Ausflug nach Patagonien

Weite Landschaft, tiefblaues Meer und Tiere gucken ist besinnlich und beruhigt die Seele. Wir sind mal raus aus der Stadt für 5 Tage. Vor allem die Luftverpestung und der Lärm nerven hier mit der Zeit doch ziemlich.

2 Flugstunden entfernt und 1300 km südlich von BA liegt die „Peninsula Valdés“. Ein geschütztes Naturreservat, das die allerschönsten Aussichten für Tier- und Naturliebhaber bietet.

Wir fliegen nach "Trelew" und verbringen die ersten beiden Nächte in der munteren Hafenstadt "Puerto Madryn" ...
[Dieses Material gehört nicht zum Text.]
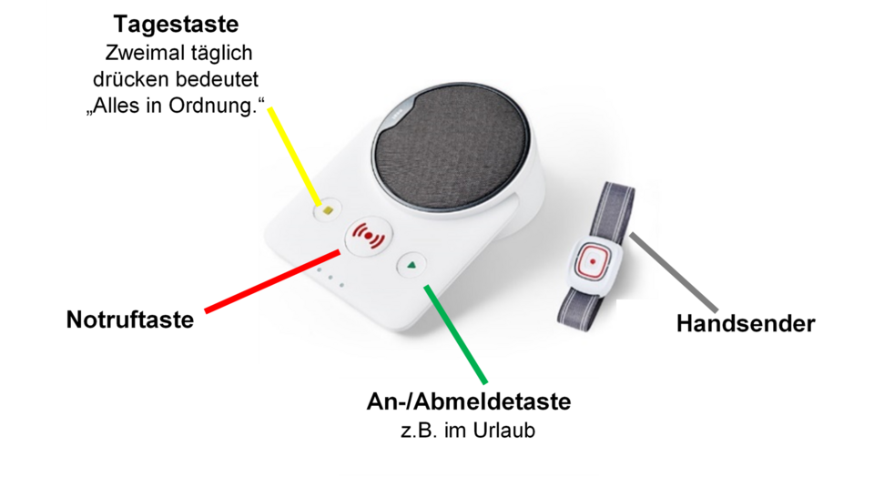 Sie benötigen lediglich die sogenannte Basisstation zusätzlich zu Ihrem Telefon, diese ist nicht viel größer als das Telefon selbst. Alle Tasten sind hinterleuchtet und können über fühlbare Piktogramme ertastet werden. Die Basisstation wird durch den mobilen Funksender ergänzt, der so klein ist, dass Sie ihn bequem am Handgelenk oder wie eine Kette um den Hals tragen können. Notrufe können ausgelöst werden durch die Notruftaste, den mobilen Funksender, die Sicherheitsuhr (wenn die gelbe Taste über einen bestimmten Zeitraum hinaus nicht gedrückt wird), aber auch durch Sensoren wie Funk-Rauchmelder, Funk-Bewegungsmelder oder Funk-Kontaktmelder.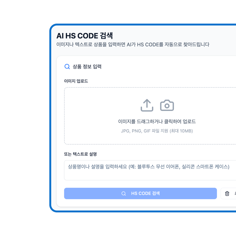 이미지·텍스트 기반 HS CODE 자동 검색. 관세·규정 반영, 원산지 기준까지 한 번에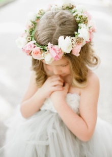 At the exit, you can wear a wreath bandage, generously decorated with flowers from textile or foamiran. Such an ornament will look perfect with a ballroom and airy elegant dress, especially if the shades of the floral arrangement are repeated with the decorative elements of the dress. Delicate sandals perfectly complement the charming set.
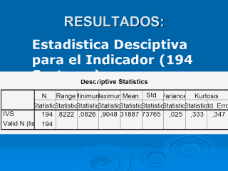 Estadistica descriptiva para el Indicador de Vulnerabilidade Social para 194 Sectores Censales.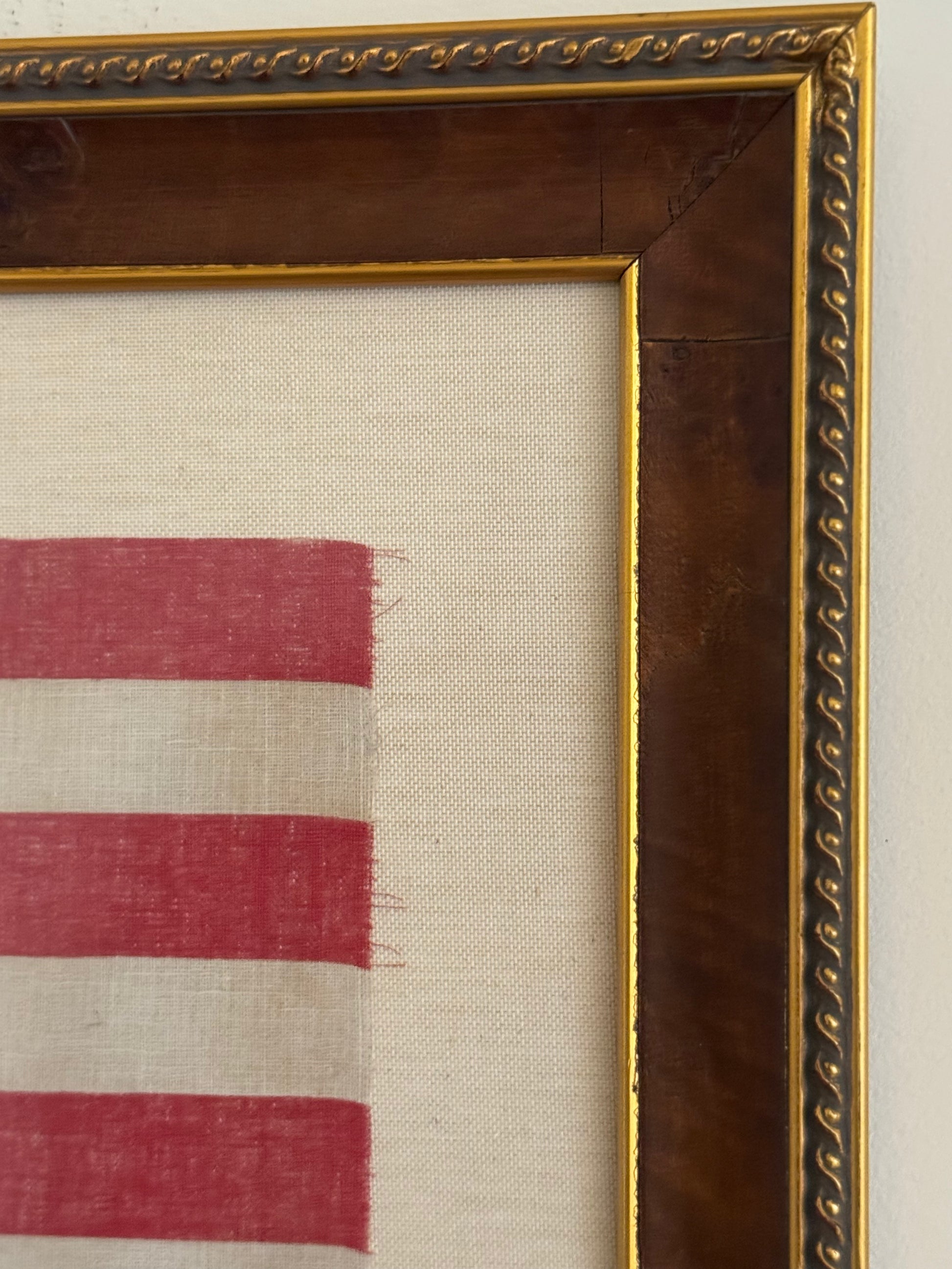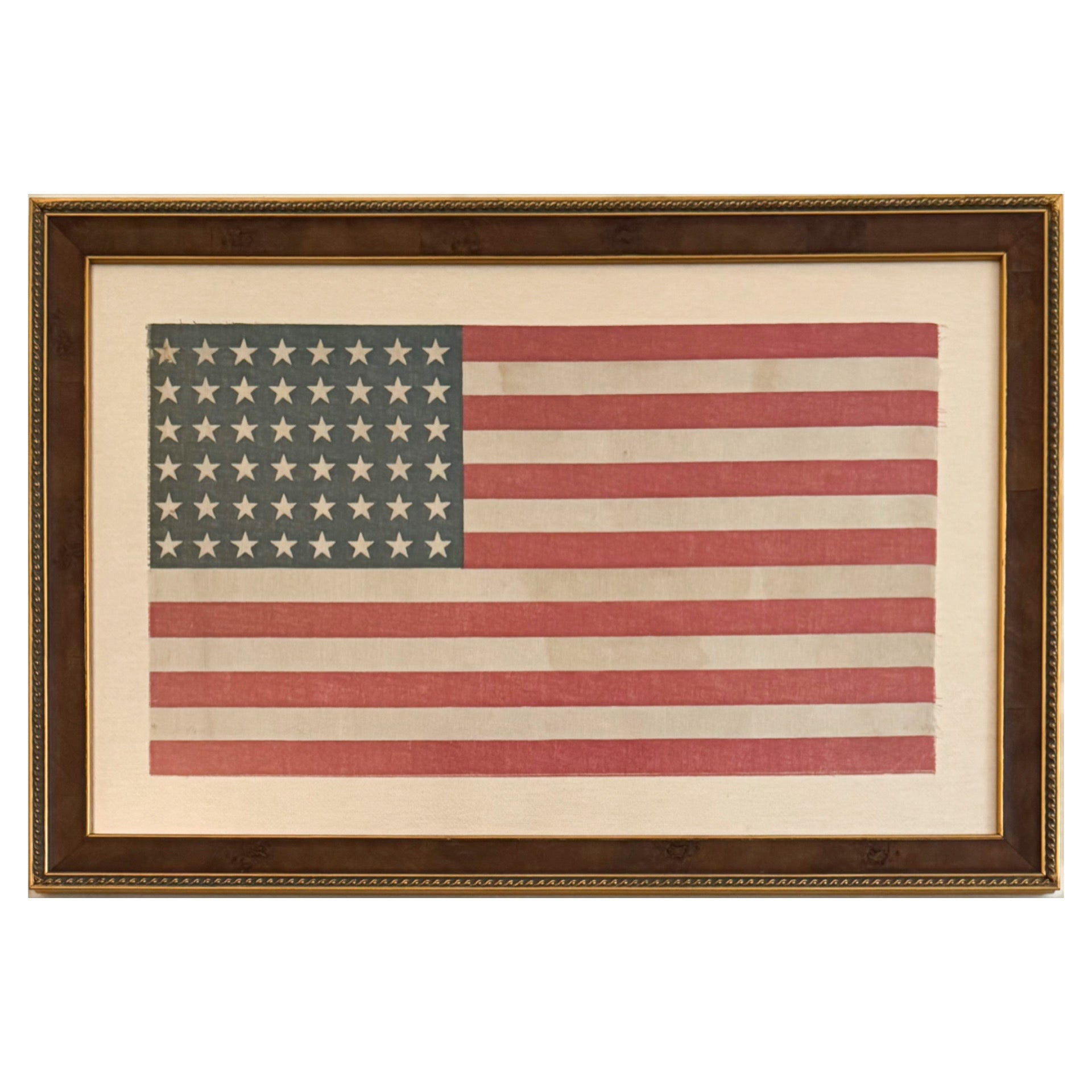 A large antique 48-star American flag from the 1930s. Made of linen, with light patina. Preserved under UV protective, reduced-glare glass and acid-free linen matting. Measures 20 x 30 inches including the frame.

Weil das, was folgt, so bezaubernd war, habe ich in der Galerie den Ordner „Peninsula Valdés“ angelegt. Unsere Expeditionen ins Tierreich ist hier gründlich dokumentiert.

In Puerto Madryn buchen wir eine erste Expedition zu einer Seelöwenkolonie. Die Vegetation ist in der gesamten Umgebung spärlich und vom „Monte“, einer steppenhaften Buschlandschaft, geprägt. Félix, der Fahrer, ist die Gelassenheit in Person, während das Fahrwerk des Mercedes-Bus unter ihm Schwerstarbeit verrichtet auf den Gravel-Roads.

Sind sie nicht süss, die faulen Löwen. Es klingt kitschig, aber schau doch mal den Kleinen in ihre Kulleraugen, da bist Du hin und weg, legst dich nieder, kannst nix dagegen machen!

Am nächsten Tag geht es weiter nach „Puerto Pyramides“, dem Wal-Spot Patagoniens schlechthin. Was die Bootstouren zu den Walen anbelangt ist alles schön organisiert hier, wie man sieht. Auf den ersten Blick sieht es vielleicht nach Touristenfalle aus, ist es aber nicht. Der Ort hat eine gewisse Leichtigkeit und dank des Tourismus ist das 400 Einwohner zählende Dorf komplett eingerichtet ... mit Schule, Bibliothek, Feuerwehr, Polizeistation, Krankenhaus und sogar einer eigenen Radiostation. Also wenn mal jemand „dringend weg muss“, kann ich diesen Fluchtpunkt nur wärmstens empfehlen.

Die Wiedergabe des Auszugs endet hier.